We had a pretty good idea of what we didn’t want the Salt of the Earth website to be. Clunky, self-centered restaurant websites were the inevitable outcome of poor process and wrongheadedness, hallmarks of an outdated way of thinking. We wanted Salt to be the archetype for a modern breed of restaurant websites: beautiful and engaging, but simple, focused, usable, standards-based, and native to the mobile era. Its aesthetic matches the space, the food, and the city of Pittsburgh. It has enough dynamic visual details to keep visits interesting, but never distracting. It contains nearly every piece of information a patron might want to know, organized in a clear hierarchy.

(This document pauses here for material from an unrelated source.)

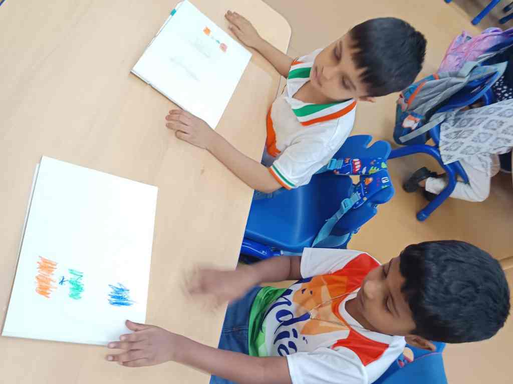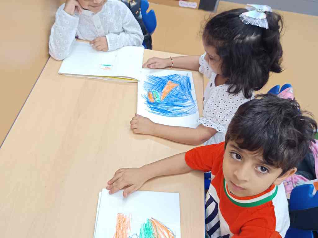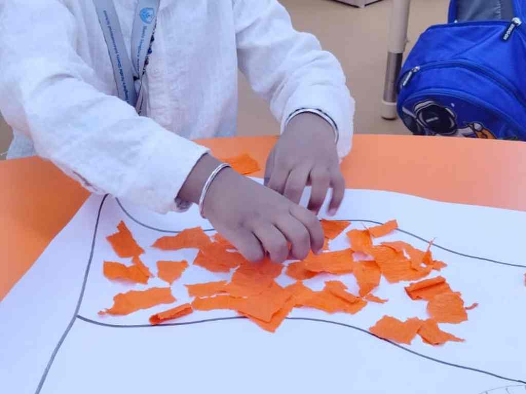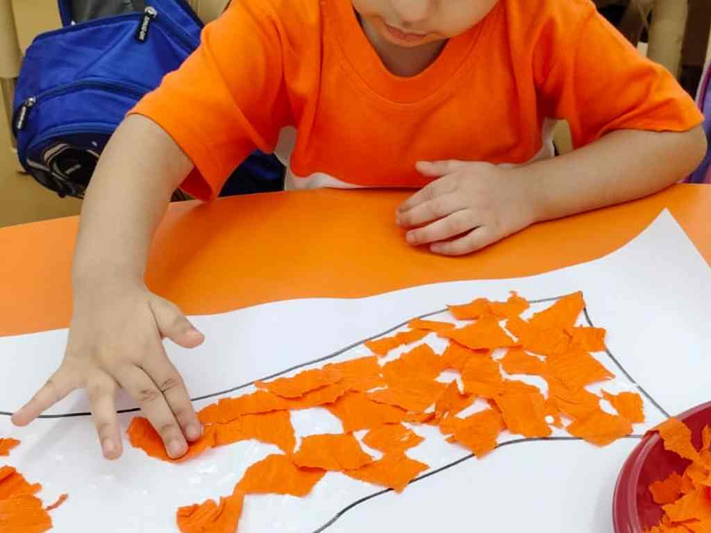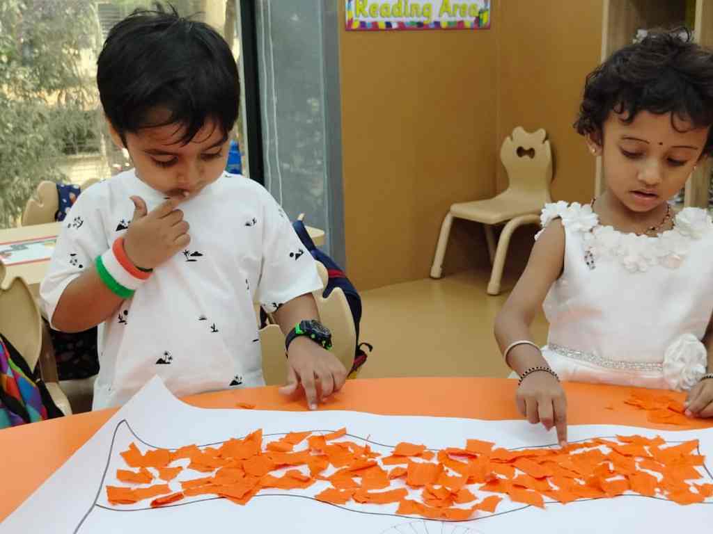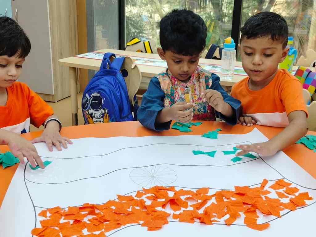 tearing and sticking, and creating beautiful tricolour crafts. These activities helped

It works on the iPhone, it works on the iPad, it works on any modern mobile browser and any desktop browser newer than IE6 or Firefox 2. And we’re happy to say it contains no Flash, no music, and no PDFs.
The nitty-gritty.
The make the Salt of the Earth website, we used a host of modern web goodies. Here’s as close as we can come to an exhaustive list:
- WordPress architecture.
- hCard microformats for all contact information.
- HTML5 semantic elements, including section, article, header, footer, and aside.
- RGBa CSS and image transparency.
- A focus state on comment/contact forms, with webkit-transform for added Safari/Chrome fanciness.
- Session-based color themes.
- Rotating, scaling, full-bleed photo backgrounds.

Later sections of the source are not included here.